=== SOURCE INFORMATION ===
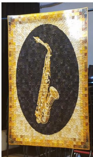
Sample of Colleen's work
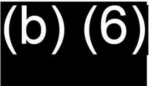
Area Supervisor Mobile II Field Office
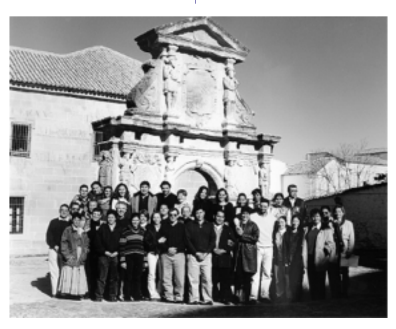
Second master course: participants

topics that are necessary for CITES to be properly implemented. The practical training took place at the Botanic Garden/University of Cordoba, the Barcelona Zoo, the Je-Zoo, rez the Customs Office of Algeciras, Cazorla Natural Park, Doñana National Park and the University of Granada. All students passed the final exam and they are preparing their thesis in their respective countries.
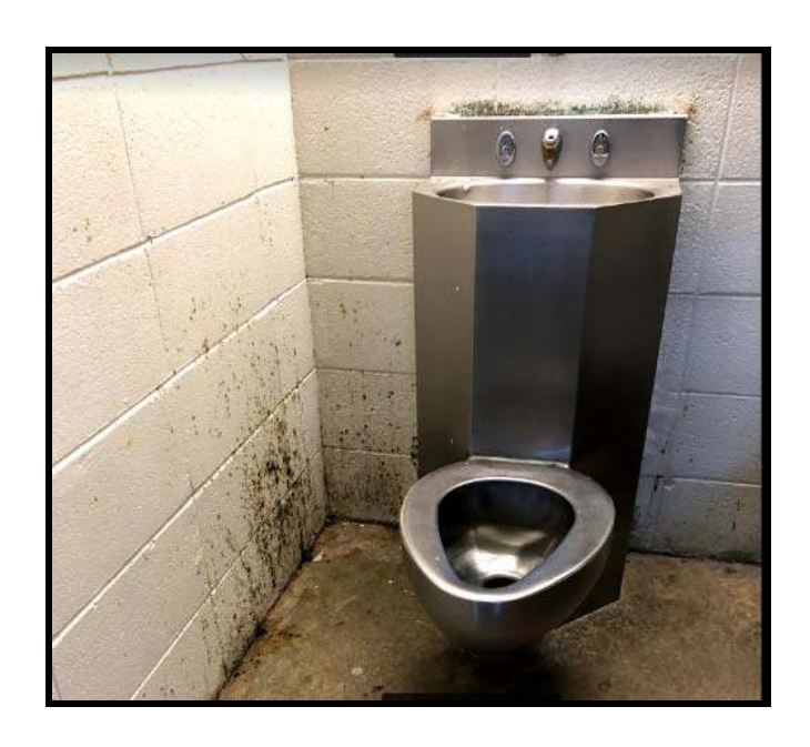
Figure 2: Photo of Mold in Camp J Shortly After Camp Closure.
===
AIM OF THE TASK :: Copy out exactly, with no pictures, the lines of the data from the first one through the line bearing "Second master course: participants".

RESULT FOR THIS EXERCISE ::
Sample of Colleen's work
Area Supervisor Mobile II Field Office
Second master course: participants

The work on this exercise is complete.